BTW when speaking about animals, "кормить" means "to feed."
Ты покормил кота? — Did you feed the cat? http://otvet.mail.ru/question/24440158/

----------


## Zaya

> Надеюсь, это кому-нибудь (or вам) помогло.   
> Mojцa

 очарованный классикой Патрицио Буане 
сладкоголосая птица не нашей юности 
Как нафталиновое творчество 60-х [шестидесятых] 
Тут уж я его не разочаровал. 
Да, повезло парню с дядей, и нечего зубами скрипеть. Но ведь он и сам не промах, по крайней мере, по мнению звукорежиссера легендарной студии «Эбби Роуд» (Abbey Road) в Лондоне 
вперемешку с ароматами папиной пиццы 
получился на редкость душистым 
в такие дни ресторан переходит на спецобслуживание

----------

> He meant something like "they like to cook for people as much as to sing for them." Then he says "I remember that my father used to join the guests and entertain (amuse?) them."

  That's it, да! Я написала значить...  ::  that's wrong even in Serbian!  ::

----------

> Originally Posted by Mojca:)  Надеюсь, это кому-нибудь (or вам) помогло.

 Zaya, have no mercy! I appreciate your corrections so much!!!  ::   
I took a brief look at your answers - already, wow! I had to laugh at my Russian 'trips' at times! I will see now if I can figure out all the meanings with my huuuge dictionary and Google...  ::   
Mojca
PS: Funny cats! I think someone there кормит  ::   his cat with beer!  ::

----------


## Zaya

> PS: Funny cats! I think someone there кормит   his cat with beer!

 I'm glad that you liked them. )
I think you meant this comment. (:  

> не токо покормил себя любимого, еще и пивом пою....

 It means "I didn't only feed myself, I give myself some beer too." It was written by the user Блаженный Кот (and I have just noticed it))).  ::  "Токо" is a corrupt form of "только."

----------


## Zaya

> 1:45-1:52 сладкоголосый *???что???* нашей юности...  *современное или несовременное???* элегантности

 Oh, I didn't write the last one. ) So what I hear:
1:47
Сладкоголосая птица ненашей юности, жгучий темперамент несовременной элегантности. Ни тебе рваных штанов, ни жестких ритмов, ни кислотных текстов, сплошной ретрошик с итальянским акцентом.

----------

Очень спасибо, Zaya!

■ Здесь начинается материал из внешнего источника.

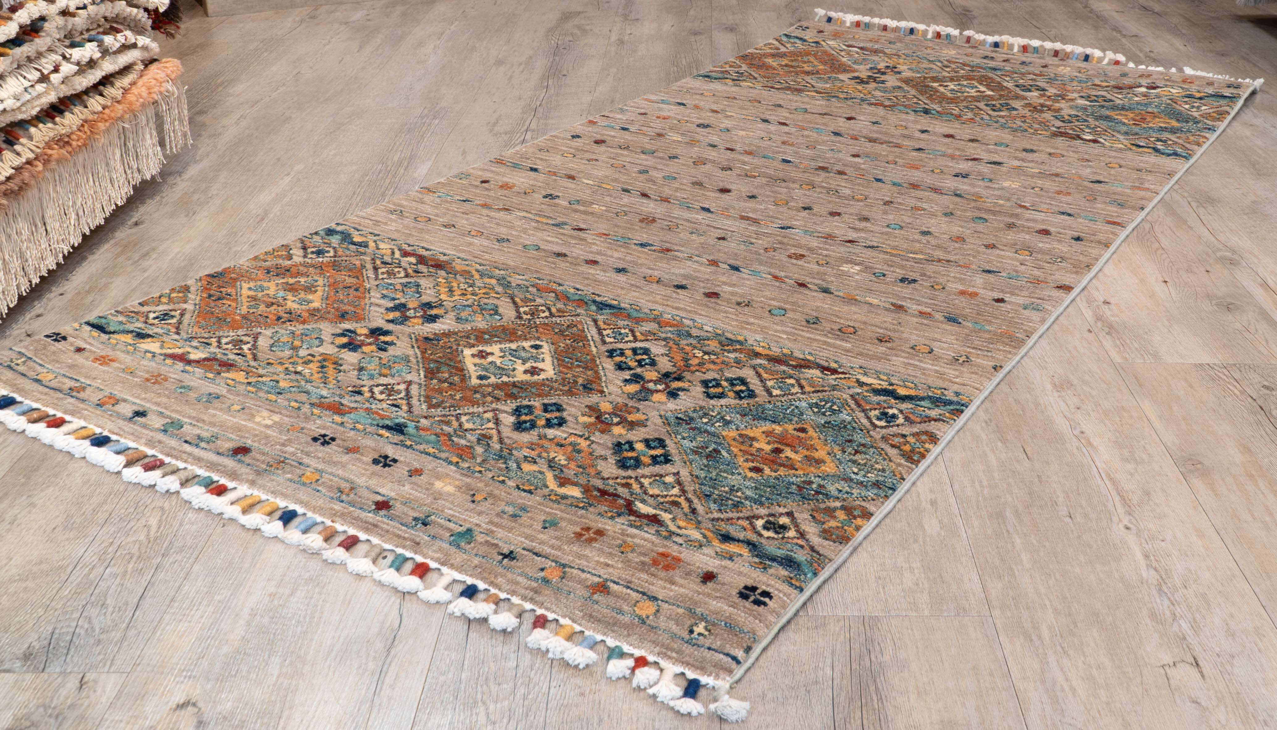 Hand-knotted Afghan Samarkand rugs and carpets are a relatively new production for us. We always look for something different or unusual, which certainly ticks that box. These rugs make a striking statement with their beautiful colours and the mixture of traditional and modern design. Samarkand rugs have been made recently in northwest Afghanistan, and the name has been given to their unique design. In Uzbekistan, Samarkand is as famous as Bukhara for its role on the Silk Road, which linked China with the West. We hope you also like this fascinating, colourful carpet as much as we do.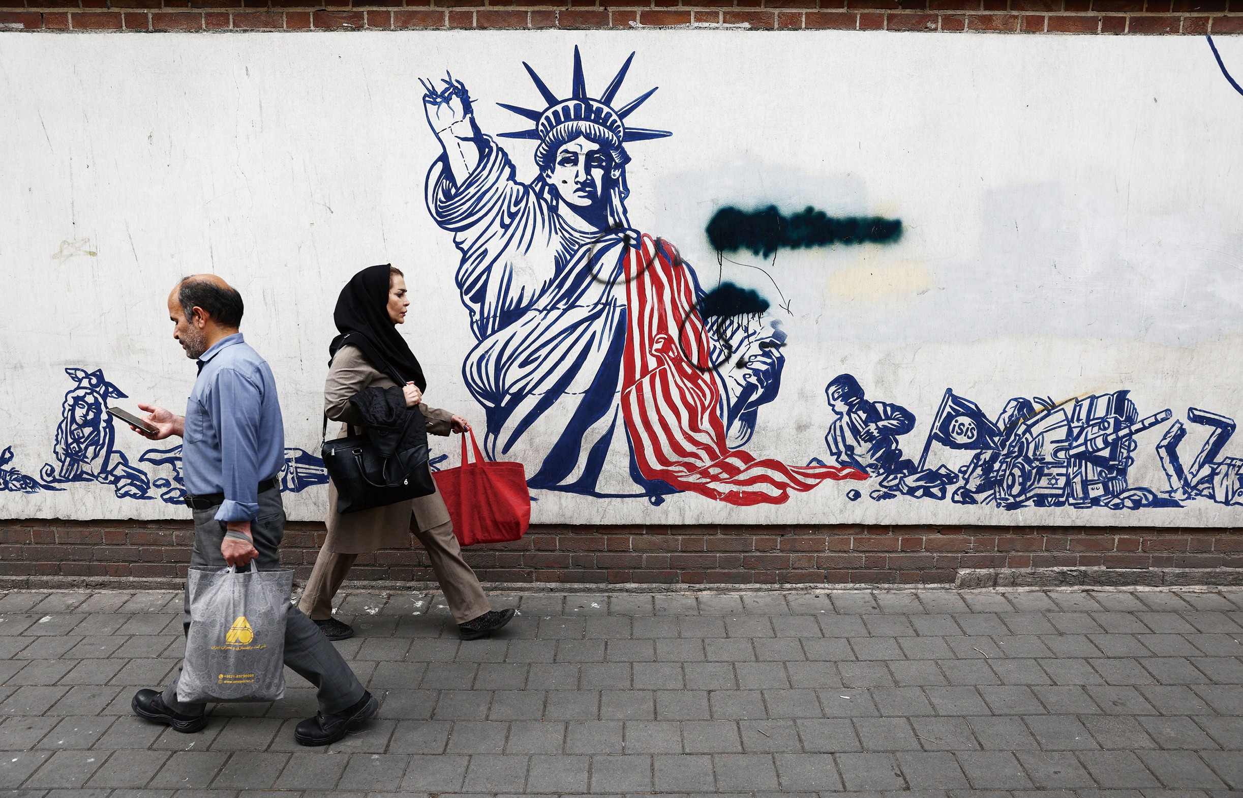 4月20日,伊朗德黑兰,美伊停火两周期间,民众走过街头的反美壁画。

Я дополнила мой перевод ::  Прошу тебя, поясни мне ещо эти два слова!  
получился на редкость душистым – *душистым* - в контексте музикального альбома?  *спецобслуживание* – ?  
(Я печатаю это с помощью фото RU-keyboard!!! Но очень счастлива поговорить по русски!  ::  )

----------

> не токо покормил себя любимого, еще и пивом пою....]
> It means "I didn't only feed myself, I give myself some beer too." It was written by the user Блаженный Кот (and I have just noticed it))).  "Токо" is a corrupt form of "только."

 Yes, that's why I thought he's talking in his cat's name...   ::   It would better not be true, though...  ::

----------

Oh, Zaya...  ::  I’m not quite sure what I hear here neither, and you are so nice   ::  ... would you type it down in Russian too???
3:18-3:21 но ....*?????*.... что город
Oh, and *Ни тебе*? 
You know, one of the ladies from Patrizio's forum somehow found this translation on the Internet  ::  She told me it's interesting although I thought they know everything about The Man already so it encouraged me to post it there anyway... He just released a 3rd album called Patrizio, and it will be in Europe and North America in early 2010.  www.patrizio.tv  ::

----------


## Zaya

3:18
Но было бы неверно утверждать, что город Штрауса привлекал их исключительно музыкальной культурой. Разрешение венской мэрии на открытие пиццерии <…> 
Остальное в следующий раз. (: Если кто-нибудь раньше меня не напишет.  ::

----------

> 3:18
> Но было бы неверно утверждать, что город Штрауса привлекал их исключительно музыкальной культурой.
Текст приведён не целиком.